Manual Labeling

First, we'll use the manual labeling tool. First run the script with the selections:
and look at the manual labels that are pre-loaded. Or, change iseed and try labeling a new data set. Labeling is done by clicking (either in the time-series display or in the spectrogam dislay) the start and end of each segment. Typing 'h' in the labeling tool gives a list of the short-cut keys. The prompt asks for each segment signal type, and you can cycle through the segment signal types using 'j', 'k'. When finished, type 'q' and the labels will be saved to a file. Using 'x' instead exits without changing the labeling. When running again, use manual_label=1 to load the labels from a file.

Following what was presented in Section 14.4.2, we perform manual labeling as follows:

   subclassnames={'noise'  'Pulse1'  'noise' 'Pulse2'   };
   NFFT=64; % FFT size for spectrogram display
      load Idx.mat Idx
      save Idx.mat Idx
Note that the flag manual_label if set to 2 will attempt to load pre-existing manual labels from a file so you don't have to re-label each time you run the program. Obviously that this can only work if the same input data is used for labeling. In software/mrhmm_test1.m, we insure this by setting the random seeds to a fixed seed before running software/mrhmm_testdata.m (see top of software/mrhmm_test1.m ). A set of manual labels are shipped with the distribution (Idx.mat) that were created under the selected random seed.

When we are manually labeling, we typically exercise more control over the structure of the MR-HMM. We can determine the identity of the signal classes, and the states. Because the data consists of noise, two different pulse types, and a gap between the pulses, there are four states. But, the gap and the noise are actually the same signal class, so there are only three signal classes. In this case, when calling software/mrhmm_initialize.m, we need to use the additional inout variables class_feat_map and state_to_subclass:

   subclassnames={'noise'  'Pulse1'  'Pulse2'   };
   class_feat_map={}; %allow all subclasses to access all features
    state_to_subclass=[1 2 1 3];
Note that we have re-specified subclassnames to include only the unique subclass names. Above, when calling the labeling tool, we used 'noise' twice for convenience when using the labeling tool. We also can exert control over the state transitions:
    A_mask=[1 1 1 1;
            0 1 1 1;
            0 0 1 1;
            1 0 0 1];
    Pi_mask=[1 0 0 0];
    beta_end= [ 1 0 0 0];
This insures that the states start in the desired noise class, transition in the desired order, and end with noise.

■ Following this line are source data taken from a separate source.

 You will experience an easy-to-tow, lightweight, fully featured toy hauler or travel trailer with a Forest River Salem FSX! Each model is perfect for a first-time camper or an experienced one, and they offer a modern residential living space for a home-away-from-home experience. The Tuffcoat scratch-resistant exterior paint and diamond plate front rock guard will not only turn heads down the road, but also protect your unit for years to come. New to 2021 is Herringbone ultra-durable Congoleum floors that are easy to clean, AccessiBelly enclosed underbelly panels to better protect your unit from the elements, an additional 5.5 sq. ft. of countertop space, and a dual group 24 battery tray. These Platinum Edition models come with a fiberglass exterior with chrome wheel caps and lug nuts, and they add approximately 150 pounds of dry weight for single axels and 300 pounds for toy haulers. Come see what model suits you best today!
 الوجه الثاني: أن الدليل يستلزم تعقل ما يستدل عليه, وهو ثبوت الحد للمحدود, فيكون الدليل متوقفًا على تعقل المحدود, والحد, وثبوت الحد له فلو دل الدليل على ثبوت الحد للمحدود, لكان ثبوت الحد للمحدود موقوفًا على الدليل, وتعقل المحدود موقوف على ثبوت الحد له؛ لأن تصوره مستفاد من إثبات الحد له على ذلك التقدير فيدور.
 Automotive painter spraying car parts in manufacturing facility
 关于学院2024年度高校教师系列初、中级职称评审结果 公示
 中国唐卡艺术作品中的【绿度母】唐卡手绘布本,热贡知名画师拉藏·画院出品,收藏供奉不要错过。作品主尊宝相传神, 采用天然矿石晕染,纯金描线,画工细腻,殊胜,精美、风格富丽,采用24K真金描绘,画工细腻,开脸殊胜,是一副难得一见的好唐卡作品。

We next get a set of MR-HMM parameters:

 % get an initial set of param
    [hparm,Icls]=mrhmm_initialize(Z,K,Ns,shfts,func_str,inv_str,Idx,ntot,pdf_type, ...
The Icls output, recall from Section 14.4.2, contains a re-formatted labeling.

Use the following to train with forced alignment:

    hparm.kbonus = 0;
    hparm.mdl_segmax = 1;
    use_viterbi = 0; 
    [hparm,lptot]=mrhmm_iterate(hparm,Z, J,Icls,ntot,num_iter,use_viterbi,iplot,X);

If iplot is set to 1 during training, a visualization of the training process is displayed. As the training runs, you should see a display similar to Figure 14.6.

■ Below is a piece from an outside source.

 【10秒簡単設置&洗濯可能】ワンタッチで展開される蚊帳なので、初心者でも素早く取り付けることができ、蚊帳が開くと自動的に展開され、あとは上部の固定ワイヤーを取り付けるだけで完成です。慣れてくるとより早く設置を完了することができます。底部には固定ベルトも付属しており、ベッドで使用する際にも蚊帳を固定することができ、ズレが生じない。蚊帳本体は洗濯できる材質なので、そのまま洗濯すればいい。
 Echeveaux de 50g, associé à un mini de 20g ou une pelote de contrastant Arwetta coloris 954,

Figure 14.6: MR-HMM in operation
Let's go over each sub-graph. On the top is obviously the spectrogram. The second graphic shows the forcing values that are applied to the partial PDF values, and are in the same format as the proxy partitions, as seen in Figure 14.3, center. Whenever a partition (a horizontal band in the center graph of Figure 14.3) is indicated by the labeling, the corresponding horizontal row in the second graphic in Figure 14.6 is illuminated. Note that the example of Figure 14.6 has 27 partitions, whereas Figure 14.3 has just 9 partitions, so there is no direct correspondence between the figures. The next graphic in the Figure shows the state probabilities. You should end up with a very crisp indication of state, especially because the states are being forced by the labeling. The lower left panel of the figure shows the Partition distributions as a function of state. You can see that the Pulse1 (state 2) and Pulse2 (state 4) states each prefer a particular segment size, and this is understandable since they have a relatively stable pulse length.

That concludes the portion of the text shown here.